You must change /dev/ub* to /dev/sd* in /etc/fstab file.

Now my usb memory works fine.

Ciao

----------

## comio

 *detz wrote:*   

> I don't even know what I'm getting...how do you test the speed when you're coping files?

 

I test with "cp -g [src] [dest]".

ciao

----------

## dsd

yep.. /dev/uba (the ub driver) is slow. use usb-storage for now.

----------

## eelke

HAL_9000:

Do you have scsi and scsi disk support enabled in your 2.6.9 kernel?
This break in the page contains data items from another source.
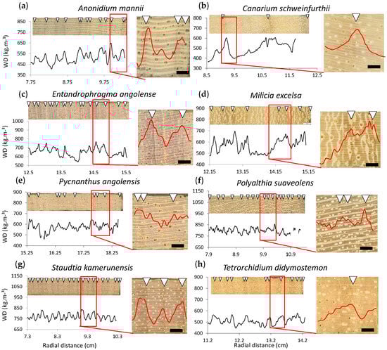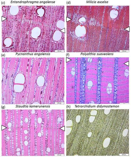 - Fichtler, E.; Worbes, M. Wood anatomical variables in tropical trees and their relation to site conditions and individual tree morphology. IAWA J. 2012, 33, 119–140. [Google Scholar] [CrossRef]
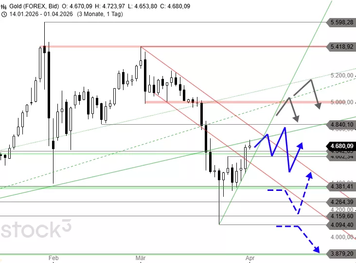Mit einem Tief bei 4.094 USD endete der massive, Anfang März begonnene Kurssturz beim Goldpreis vorerst und ging in eine dynamische Erholung über. Mit der Rückeroberung der Unterstützung bei 4.381 USD gelang der Käuferseite noch am Tag der Ausbildung des Tiefs die Rückkehr in die vorherige große Range und damit der impulsive Auftakt für einen Anstieg bis 4.602 USD. Dieses Hoch wurde im Rahmen einer zweiten Aufwärtsphase im gestrigen Handel ebenfalls durchbrochen. Die steile Erholung erreichte heute Morgen sogar schon das Kursziel bei 4.730 USD.
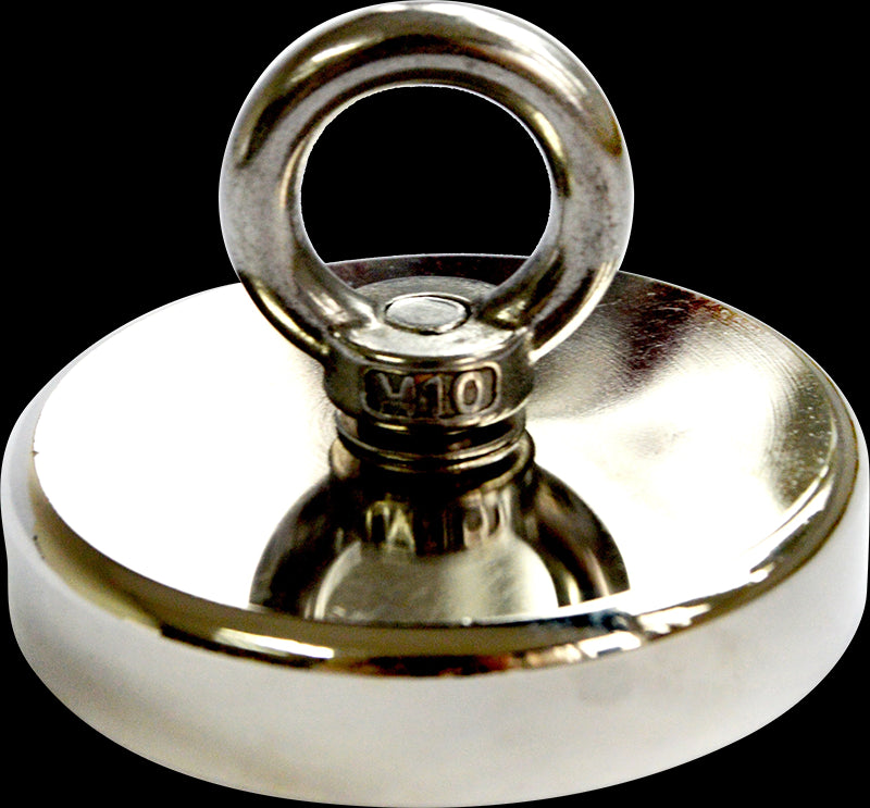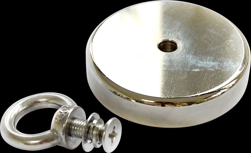 The countersunk hole allows many types of mounting applications including hook, knob, or included eyebolt. Screw it into a wall to hold tools, or position and hold lights, signs, and more. This type of magnet is also perfect for magnet fishing and retrieving applications.

You need these for sd? devices.

----------

## tisham

Yep yep ub driver IS slow(the low performance is the tell tale) but before you can use the scsi emulation make sure you deselect the ub driver it overrides scsi emul.I guess you can choose which one you use in your hotplug .conf but i dont know how.Similar to choosing to use yenta_socket over i82365 for pcmcia...

Hum.

Cheers,

Tish.

----------

## jsheedy

PostPosted: Sat Nov 27, 2004 1:53 am    Post subject: Help please  	Reply with quote Edit/Delete this post

I am having the same problems. I plug the unit in usbview sees the item. I have ide-scsi and usb_storage modules loading, and I have build sg into the kernel.

System gentoo 2.6.9-gentoo-r4 #7 amdXP300 512MB adaptec 29160 U160 (36 gig hd, and yamaha burner) nothing new shows up under /proc partitions. Works on a mandrake system. I am not sure.

Thanks,

J

mathgeek wrote:

I had some trouble with my USB stick. I finally solved the problem by compiling a new kernel from the latest mm-sources. If you want to use a cardreader, make sure that you have

Code:

CONFIG_SCSI_MULTI_LUN=y

compiled this

set. Then all slots of the cardreader will be recognized.

You will also need support for USB mass storage:

Code:

CONFIG_USB_MASS_STORAGE=y

This is not available (maybe just for 2.4.x?).

----------